Part 6

_Ants._ _Lasius flavus_ lays its eggs in the autumn, and the young larvae pass the winter in the nest. The males and females leave the cocoons in June, and pair during July and August. The males fly out of the nest with the females, but they do not return to it; ‘they die shortly after pairing.’ It is also believed that the females do not return to the nest, but found new colonies; this point is however one of the most uncertain in the natural history of ants. On the other hand it is quite certain that the female may live for years within the nest, continuing to lay fertilized eggs. Old females are sometimes found in the colony, with their jaws worn down to the hypodermis.

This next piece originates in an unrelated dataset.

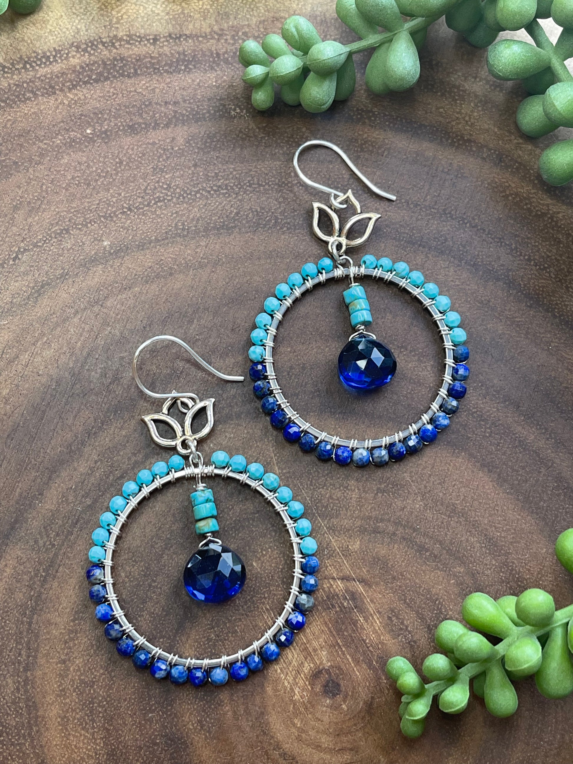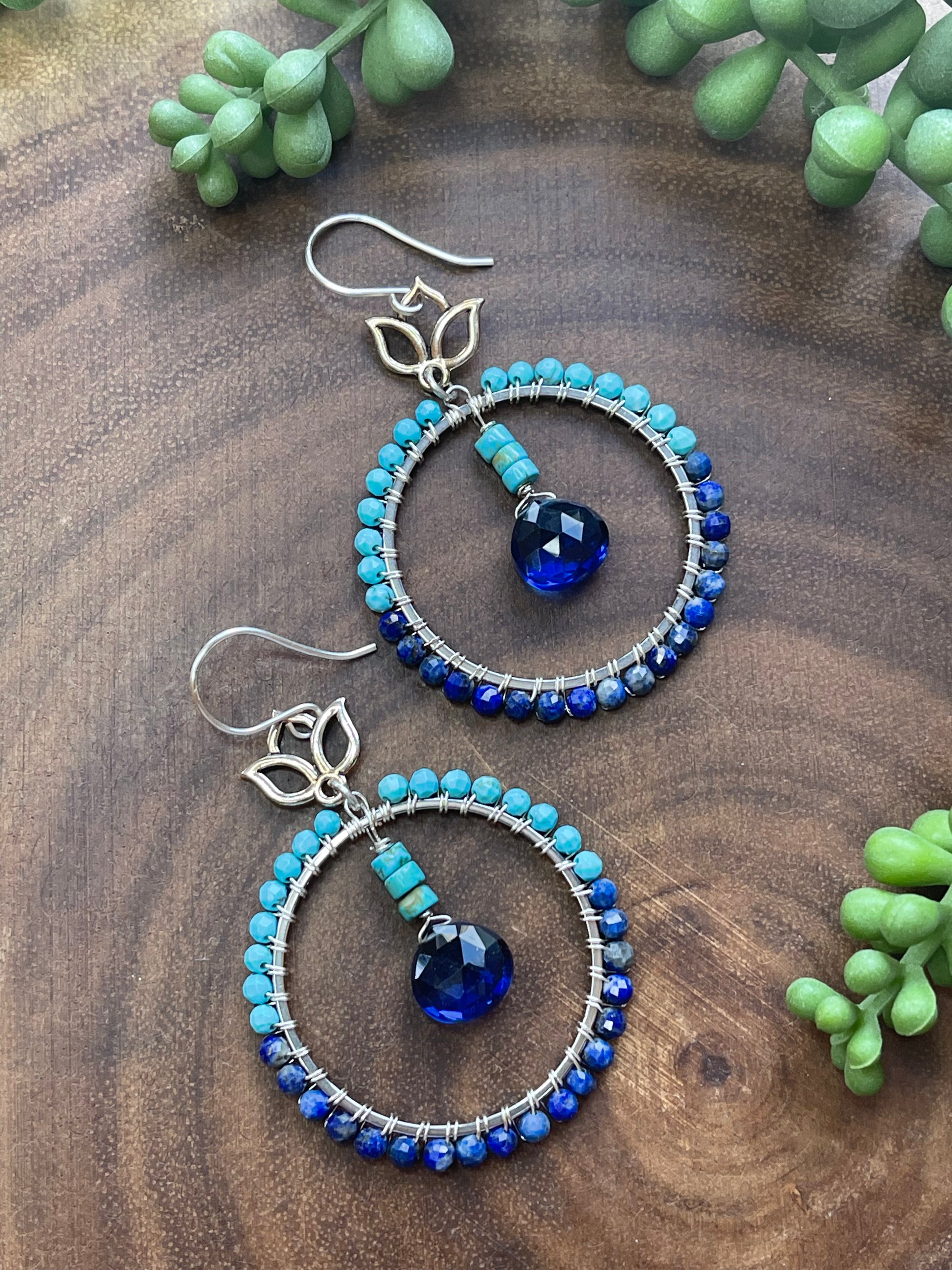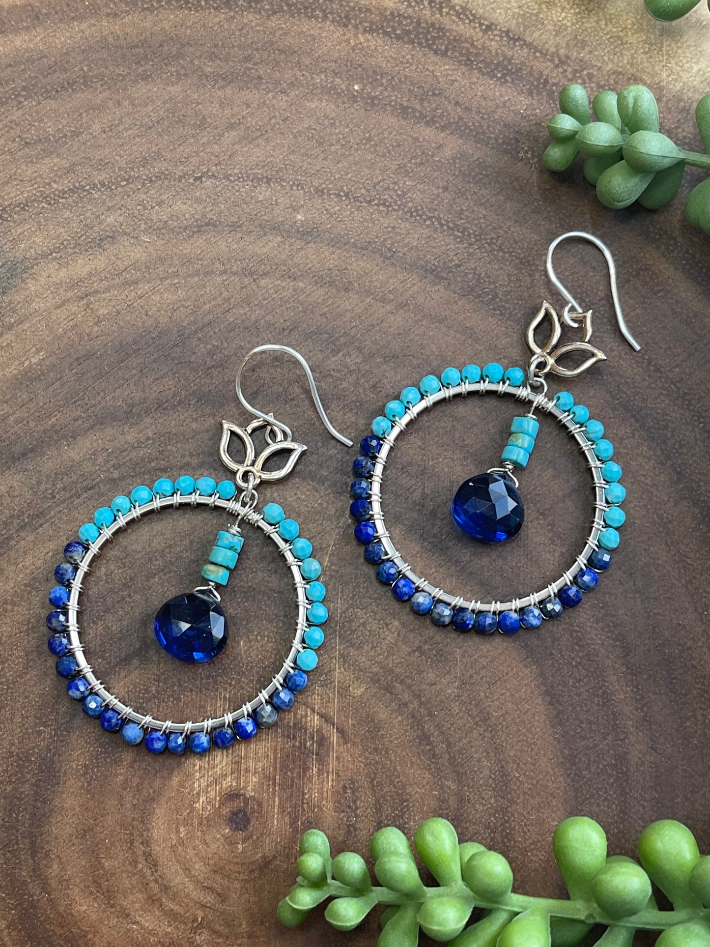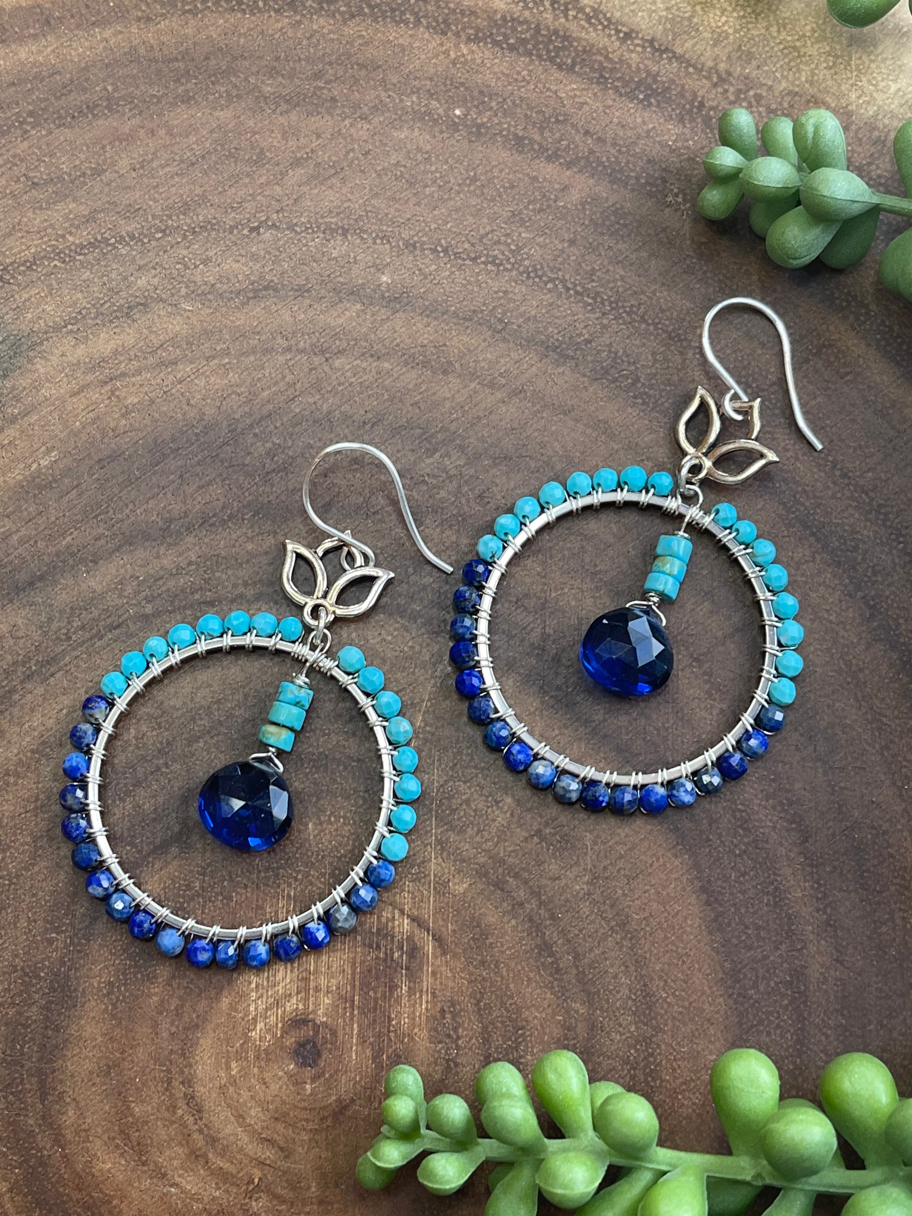 Turquoise / Lapis Lazuli Hoop Earrings
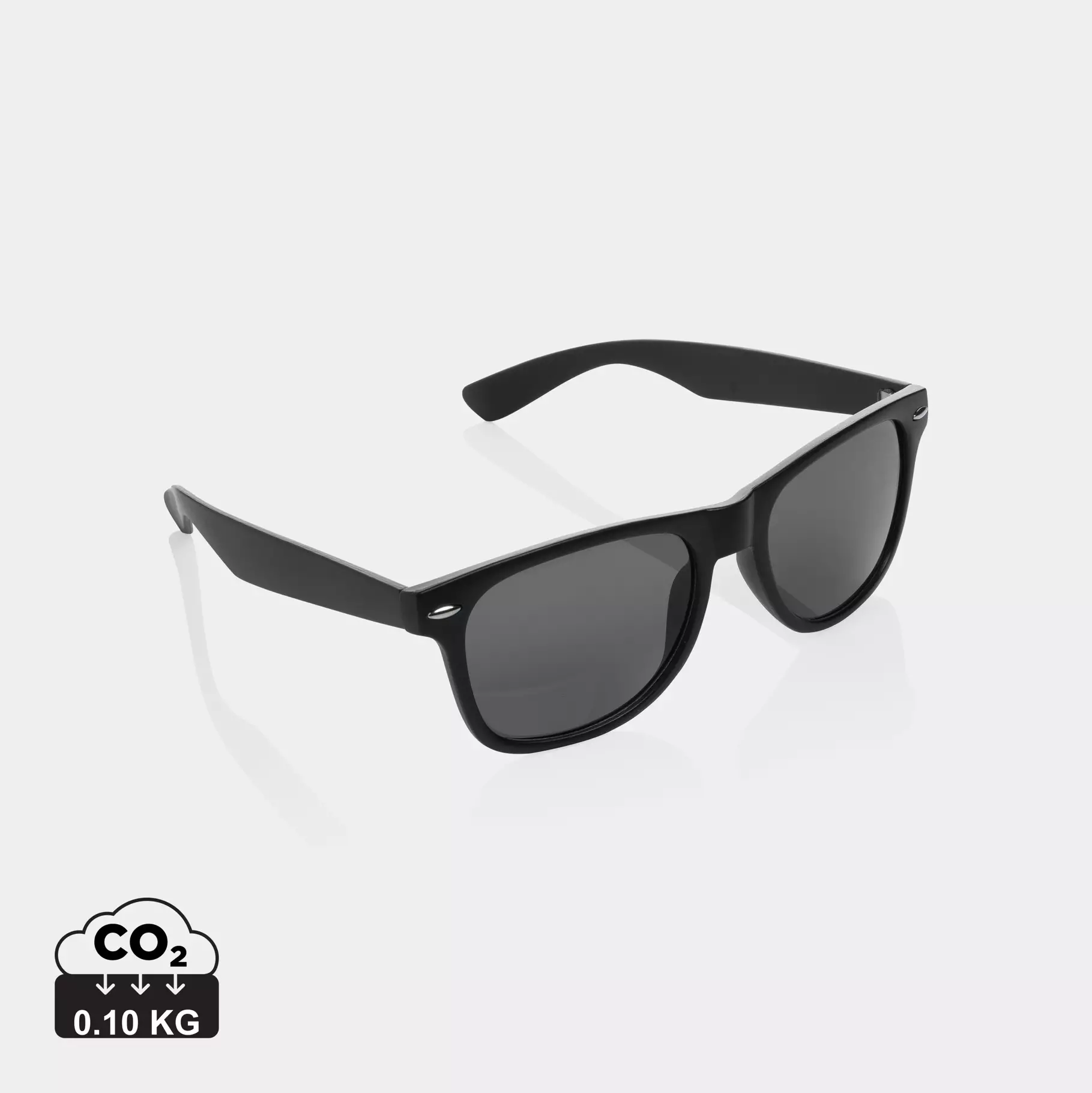 Korkealaatuiset aurinkolasit, joiden kehys on valmistettu kierrätetystä ja GRS-sertifioidusta PC:stä. Kierrätetyn materiaalin määrä kehyksessä on 100%. Kierrätetyn materiaalin kokonaismäärä: 65% perustuen tuotteen painoon. GRS-sertifiointi varmistaa kierrätysmateriaalien täydellisen sertifioidun toimitusketjun. Linssit ovat smokey-akryylia ja UV 400 sekä CAT 3 mukaisia. Pakattu kraft-lahjarasiaan. Merkkaustapa: silkkipainatus sankaan

Breeding experiments confirm these statements. P. Huber[17] and Christ have already put the life of the female at three to four years, and Sir John Lubbock, who has been lately occupied with the natural history of ants, was able to keep a female worker of _Formica sanguinea_ alive for five years; and he has been kind enough to write and inform me that two females of _Formica fusca_, which he captured in a wood together with ten workers, in December 1874, are still alive (July 1881), so that these insects live as imagos for six and a half years or more[18].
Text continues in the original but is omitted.